The walnut twig beetle is commonly associated with the fungus Geosmithia morbida that causes damage ranging from discoloration in some species of walnuts to mortality in others. "Thousand cankers disease" was given its name because of the magnitude of galleries and subsequent cankers created by the disturbance regime of walnut twig beetles and Geosmithia morbida. The black walnuts only survived for several years after the start of feeding by the walnut twig beetle. However other species of walnut that are more regenerative towards Geosmithia morbida allowed the walnut twig beetle to feed for longer.

== Origin and subsequent spread of species ==
The walnut twig beetle was first recorded in 1928 in Arizona inhabiting the Arizona walnut tree, Juglans major. The movement of this insect from Arizona to the surrounding areas was recorded in 1959 in Los Angeles when the walnut twig beetle was collected from both the black walnut and the native southern California black walnut, J. californica. Recently the beetle and fungus have spread to areas of the United States with much colder climates. In Denver, Colorado during 2001 the first cases of black walnut mortality due to cankerous sores caused by the walnut twig beetle and the fungus, G. morbida, which the walnut twig beetle carries, were recorded, and by 2008 nearly all of the black walnuts in Denver, Colorado had been eliminated. A similar instance occurred during this same time period in Delta, a city nearly four hundred kilometers west of Denver. Bark beetles are a major natural disturbance in North American forests, in recent history affecting more area annually than fire does.
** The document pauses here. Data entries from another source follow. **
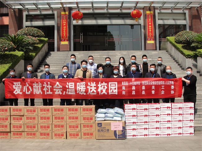 疫情防控指挥部人文关怀组、关工委携手南昌市青年企业家BB贝博艾弗森官方网站南昌县分会助力莲塘二中复学,关爱莘莘学子,4月8日上午,南昌县关工委常务副主任胡炜、县人文关怀组副组长付驰、黄花云、王国明、范海权、傅洪明,市青企协南昌县分会会长赵文扬、执行会长涂喜群、副会长齐义龙、喻美嘉、徐璐、理事陈清荣来到莲塘二中,了解学校开学防疫措施及物资储备情况,为学校送去了30箱牛奶、30箱方便面、6000个口罩,希望孩子们能够尽快进入状态备战高考。
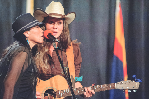 Kristina M. Jacobsen, right, author of ‘The Sound of Navajo Country,’ and singer Chucki Begaye sing a duet Friday in Window Rock.
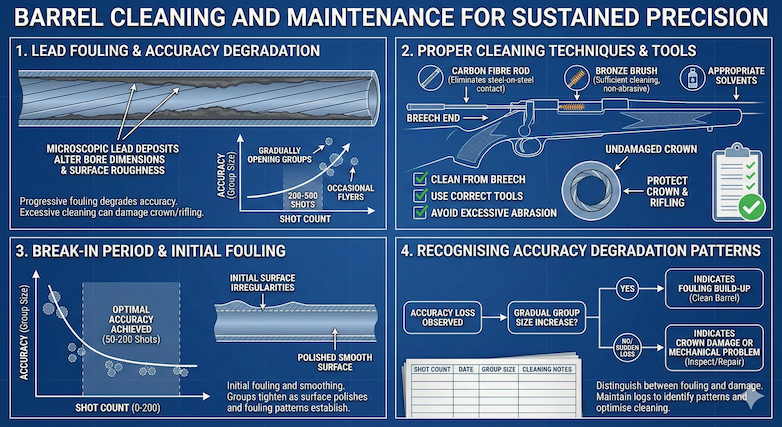 Recognising accuracy degradation patterns enables distinguishing between correctable maintenance issues and permanent barrel wear. Gradual group size increases typically indicate fouling build-up, whilst sudden accuracy loss may indicate crown damage or mechanical problems. Maintaining shot count and accuracy logs enables identifying degradation patterns and optimising cleaning schedules for sustained precision performance.

== Association with Geosmithia morbida ==
The walnut twig beetle is not the first bark beetle to be associated with a species of Geosmithia. The deaths of black walnut trees associated with the walnut twig beetle are not caused by the beetle but instead G. morbida. The origin of G. morbida is not known, but experts strongly believe that its emergence is connected to the walnut tree beetle and the Arizona walnut tree, and was not caused by the transfer of the disease from another area but instead by an evolutionary change in a similar species of fungi that inhabited closely to where the beetle was first identified. The fungus and beetle have developed a symbiotic relationship in which the fungus allows itself to be eaten by the beetle in return for a ride to the fungus's next host. The walnut twig beetle's hard shell covers two wings, and because the beetle can fly, G. morbida is reliant on the walnut twig beetle to be spread across distances, making the fungus entomochoric, or completely dependent upon the walnut twig beetle for dispersal, and only found in habitats containing the beetle.

=== Human prevention of spread ===
Human intervention in disturbances related to tree extinction because of infectious disease or invasive wildlife has historically been costly and therefore limited at best. Pruning a tree is one way humans combat fungi spread by bark beetles, and has been the reported course of action to take when dealing with similar fungi such as the Dutch elm disease. Bark beetles usually feast on limbs no greater than 10 cm in diameter, spreading Dutch elm disease to a place that is still manageable to prune. However, the walnut twig beetle is not limited to attacking the limbs. Because the beetle can attack the trunk, pruning is rendered useless. In 2010, an outbreak of both G. morbida and the walnut twig beetle was identified in the community of Knoxville, Tennessee, threatening over 27 million black walnuts in Tennessee alone. The establishment of quarantine in the area was enacted, denoting a most drastic need to stop the spread of the disease. Since then several other states have enacted an exterior state quarantine in order to stop the spread of these pests into their states. Currently the most successful cure for G. morbida is the insertion of sterile agar into the site of the infection. However, since the magnitude of the number of holes in one tree bored by the walnut tree beetle is so great, this method does not seem to be an effective solution either. Community officials claim that the best thing people can do is not transport firewood, limiting the human spread of the disease.